In this embodiment, the first similarity and the second similarity may be calculated by euclidean distance or Dtw; as shown in fig. 2, since the different evaluation indexes have different emphasis properties, the similarity obtained by corresponding calculation under the different evaluation indexes is different; it should be noted that, under the same evaluation index, the similarity calculated between data curves in different orders should be different;
the first similarity can reflect the similarity between any two time sequence data curves to be evaluated in at least two time sequence data curves to be evaluated under the same evaluation index, so that the first similarity is actually a set of similarities between different time sequence data curves to be evaluated in at least two time sequence data curves to be evaluated under the same index;
the second similarity can reflect the similarity between at least two time sequence data curves to be evaluated and the normal time sequence data curves in the preset case library under the same evaluation index, so that the second similarity is a set of the similarities between the time sequence data curves to be evaluated under the same index and the normal time sequence data curves in the preset case library;
obtaining the relative volatility under any evaluation index according to index values by respectively calculating the index values of the first similarity and the second similarity; the index value may be a mean and a variance of the similarity, and it should be understood that the index value is not limited to the mean and the variance.
Further, the relative volatility may be obtained by a formula, where the relative volatility = (mean of the second similarity/variance of the second similarity)/(mean of the first similarity/variance of the first similarity);
in this embodiment, it should be noted that one evaluation index corresponds to one relative volatility; and reflecting the volatility of the similarity degree of at least two time sequence data curves to be evaluated and the normal time sequence data curves in the preset case library under the corresponding evaluation indexes through the relative volatility.
In an optional embodiment of the present invention, the step 13 may include:
and 131, determining at least one target evaluation index in at least one evaluation index according to the relative volatility of at least one evaluation index and a preset volatility threshold.
In this embodiment, the preset volatility threshold may be set according to a requirement of an actual industrial device, and at least one target evaluation index in at least one evaluation index is determined by comparing the relative volatility under the at least one evaluation index with the preset volatility threshold; and determining the target evaluation index according to the relative fluctuation, and ensuring the accuracy of subsequent evaluation on the time series data curve based on the target evaluation index.
In an optional embodiment of the present invention, the step 131 may include:
step 1311, when the relative volatility of at least one evaluation index is greater than a first preset volatility threshold, filtering out a corresponding time series data curve to be evaluated, and obtaining a remaining time series data curve to be evaluated;
step 1312, determining at least one corresponding evaluation index in the remaining time series data curve to be evaluated as a target evaluation index when the relative volatility is smaller than a second preset volatility threshold value.

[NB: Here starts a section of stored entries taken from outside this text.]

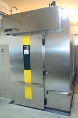 Najbardziej wszechstronna komora chłodnicza. Zakres temp. od -20°C do +45°C pozwala na elastyczność produkcyjną (wszystkie możliwości fermentacyjne: garowanie, opóźnienie garowania, zatrzymanie garowania, szybkie schładzanie), regulowana względna wilgotność powietrza: od 60% do 95%. Dowolna kolejność procesów w wybranych przedziałach czasowych. Sterowanie dotykowe MIWE TC. Duże powierzchnie parowników dopasowują się do przedziałów temperaturowych, wydajne kompresory. Oszczędność energii: 80-milimetrowa izolacja wokół całego urządzenia. r o zrost ciasta
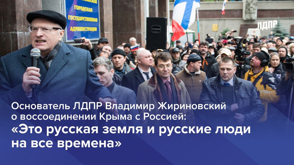 ЛДПР была единственной из парламентских партий, которая сделала воссоединение Крыма с Россией частью своей внешнеполитической программы, а Основатель ЛДПР Владимир Жириновский всегда боролся за то, чтобы нашу позицию услышали. ЛДПР с самого начала своей политической деятельности говорила, что Крым и Севастополь – неотъемлемая часть России. Мы смогли преодолеть все препятствия и снова объединиться. Это одно из самых значимых событий в истории нашей страны. «Это русская земля и русские люди на все времена», - говорил Владимир Жириновский о воссоединении Крыма с Россией. 🇷🇺Лидер ЛДПР Леонид Слуцкий был одним из первых политиков, которые поддержали воссоединение Крыма с Россией. Кроме того, он принимал участие в подготовке и проведении референдума. «Это событие войдёт в учебники. Об этом будут писать и через сто лет - как о восстановлении исторической справедливости», - говорил Леонид Эдуардович.
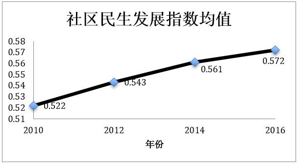 为全面衡量和分析我国社区基层民生的变化情况,2017年,在国家社科基金“社区民生监测与社区治理研究”项目支持下,本课题组利用2010年基线调查数据及2012年、2014年和2016年追踪调查数据,建立起中国社区民生发展指数,指标体系包括了“创新、协调、绿色、开放、共享”这五大方面14个维度40个变量。研究选取了CFPS四轮调查中均有受访家庭的共549个村居以及这些村居中的家庭和个人样本,以实现对社区民生发展监测在时间上的连续性。社区民生指数得分在0和1之间。
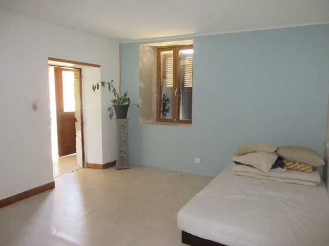 Located in a peaceful hamlet, the property comprises on the ground floor a large kitchen with dining area, sitting room with fireplace, a bedroom with dressing room, shower room, loo and utility room. Upstairs, two bedrooms.
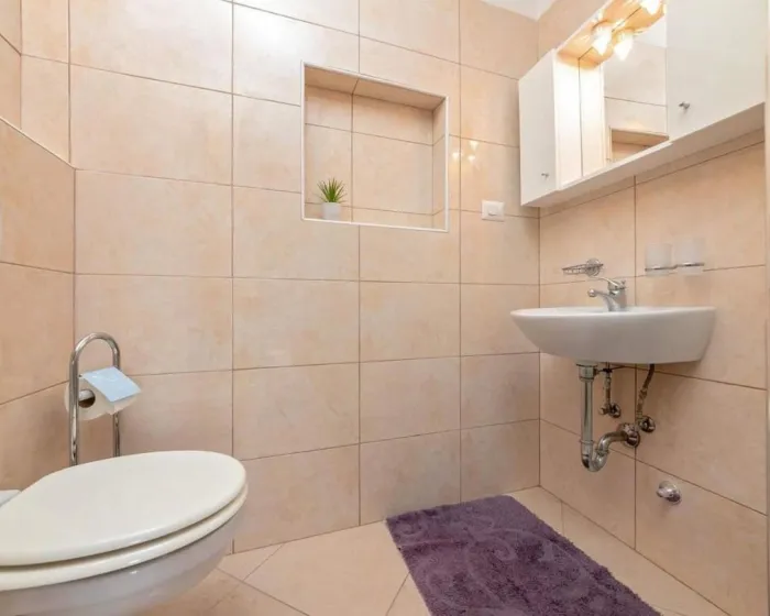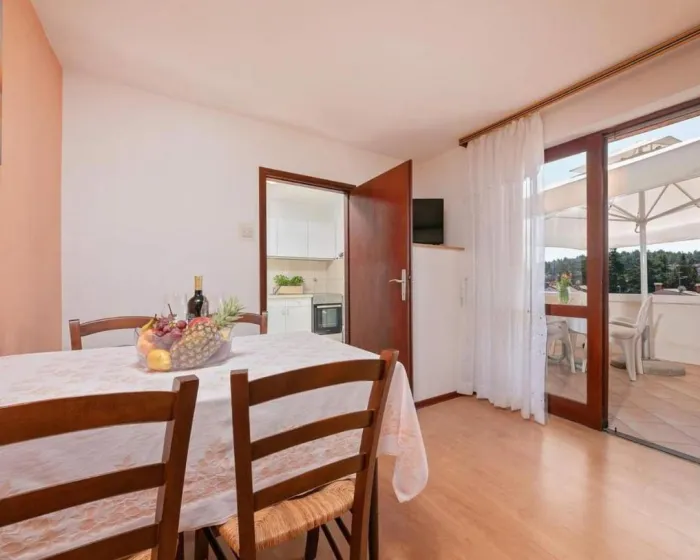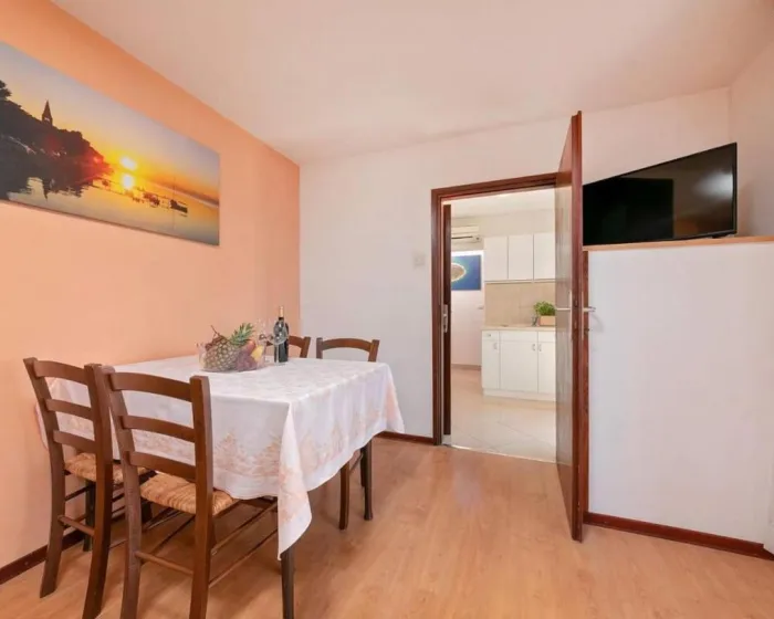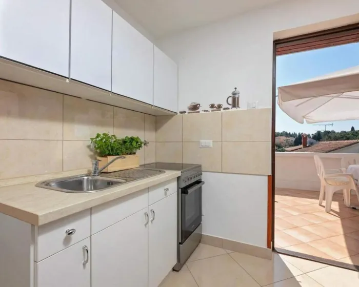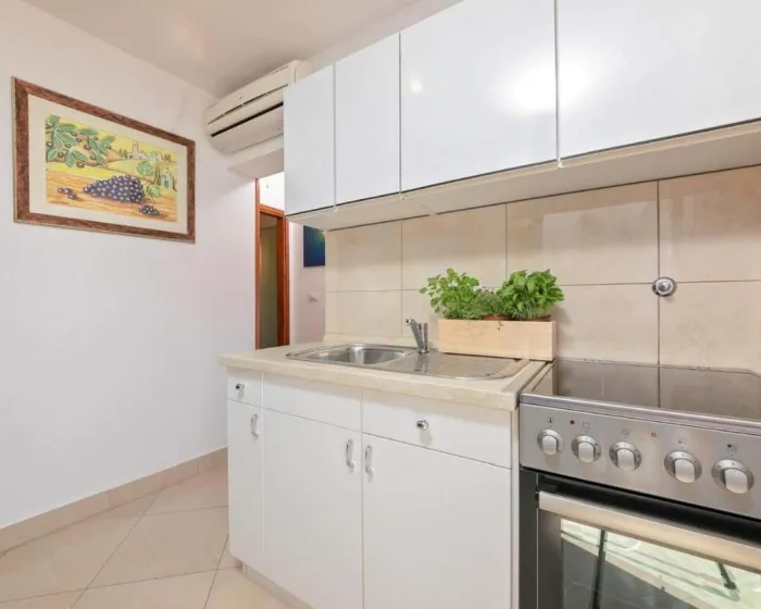 Klimatizovan apartman sastoji se od 1 odvojene spavaće sobe, potpuno opremljene kuhinje sa rernom i frižiderom i 1 kupatila. Radi veće privatnosti, smeštaj ima poseban ulaz.

In this embodiment, both the first preset volatility threshold and the second preset volatility threshold may be set according to actual needs, and it should be understood that the first volatility threshold is greater than the second volatility threshold;
when the relative volatility under at least one evaluation index is greater than the first preset volatility threshold, it indicates that the volatility of the similarity degree of at least two time series data curves to be evaluated and normal time series data curves in the preset case library is large under the corresponding evaluation index, and further indicates that the similarity degree of the curves is low, and then a sample under the evaluation index should be filtered;
in the remaining time series data curves to be evaluated, when the relative volatility under at least one evaluation index is smaller than the second preset volatility threshold, it is indicated that the volatility of the similarity degree of the remaining time series data curves to be evaluated and the normal time series data curves in the preset case library is small under the evaluation index, and further, the curve similarity is high, and then it should be determined that the evaluation value index corresponding to the relative volatility smaller than the second preset volatility threshold in the remaining time series data curves to be evaluated is a target evaluation index; and filtering out target evaluation indexes by screening, and further improving the accuracy of the quality evaluation of the subsequent time sequence data curve to be evaluated.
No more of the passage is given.